Millions of WordPress sites (including sites hosted by Savvii) use the caching plugin W3TotalCache to improve loading time. It has been a public secret for some months that the plugin is not actively maintained anymore. For example, support for PHP 7 is missing though this is possible by changing a few lines of code. Not very good news to put it mildly, but now something more serious has come up. A XSS vulnerability has been found in the plugin, making it insecure.
This XSS vulnerability makes it possible to alter the content and design of your website. This is done by entering a command in an input field in the feedback form in the plugin. Luckily, this can only be exploited by a user with administrator rights.
XSS vulnerabilities are regularly found in WordPress plugins, but these normally get patched before the exploit method is made public. This is the reason we don’t write a blogpost for all vulnerabilities in plugins.
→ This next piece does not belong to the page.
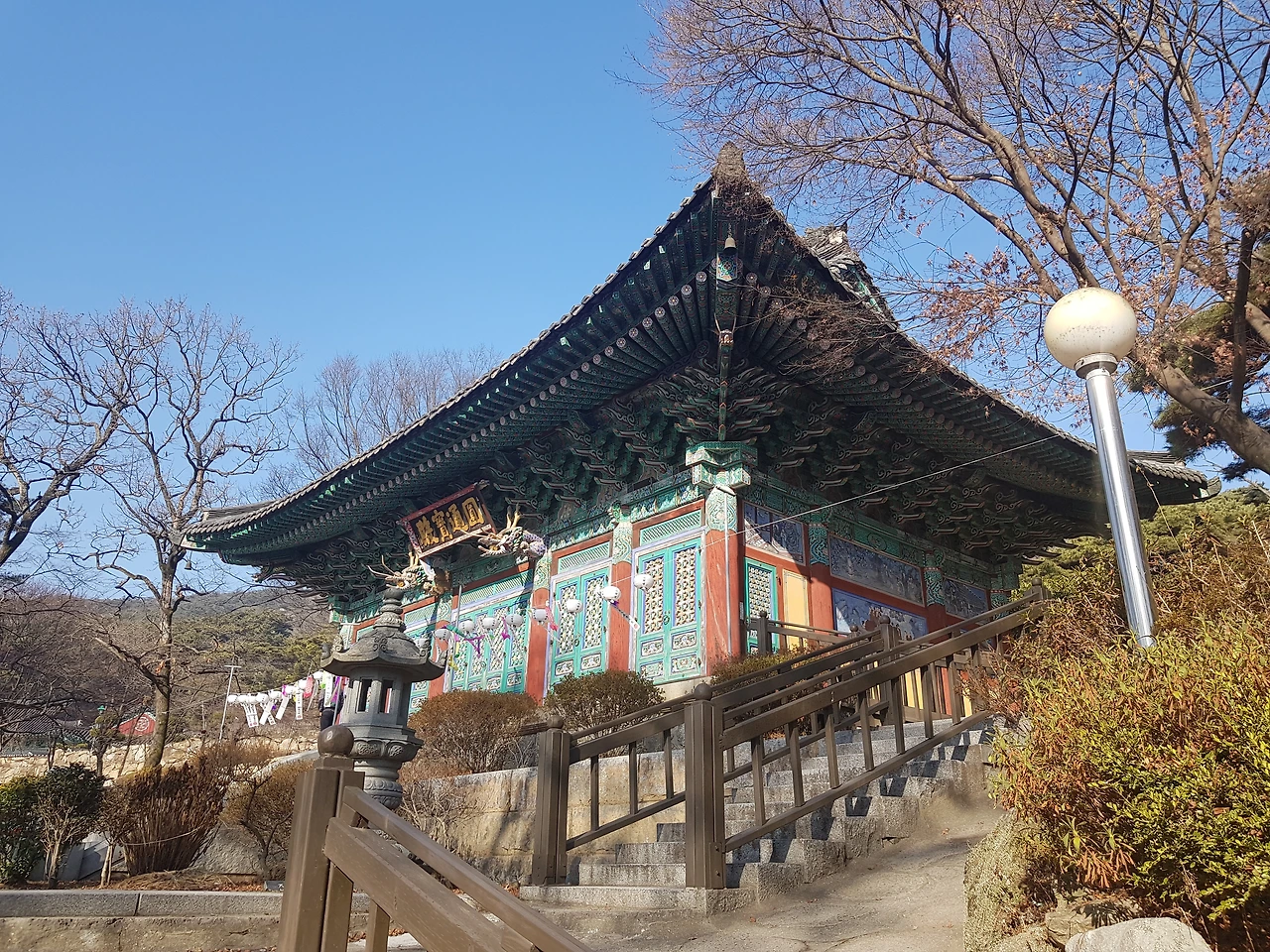 대웅전 안에는 신자들이 절을 하며 기도를 하고 있어 옆 문으로 들여다볼 수밖에ㅡ

This case is different because the plugin is one of the most popular plugins and because the exploit is already public. Looking at recent history a patch is not expected anytime soon.
By coincidence we have tested several W3TotalCache alternatives. In the case you need a caching plugin you now have two serious options:
- WP Rocket
You can buy this plugin with a discount trough our Savvii Deals. We have warm contacts with the makers of this plugin.
- WP Super Cache
This plugin is built and maintained by automattic, the big company behind WordPress.
The other option is just relying on the Savvii Varnish caching.
We always state that updating core and plugins is a cornerstone of good security. That is not possible in this case but please keep it in mind for all other plugins and WordPress core.
Update 1 – 26-9-2016:
W3TotalCache has released version 0.9.5. This version solves the XSS vulnerability. In addition, W3TotalCache states that ‘compatibility for PHP 7 has improved’. We did not have the time to test this yet but we will keep you up to date. Please update W3TC to the latest version or remove it from your websites.
Update 2 – 26-9-2016:
W3TotalCache has made a lot of changes in 0.9.5. In many cases this leads to errors or sites breaking. We strongly advise you to test the new version locally or in a test environment before applying it on your live website(s). Of course, it still is a very good option to switch caching plugins.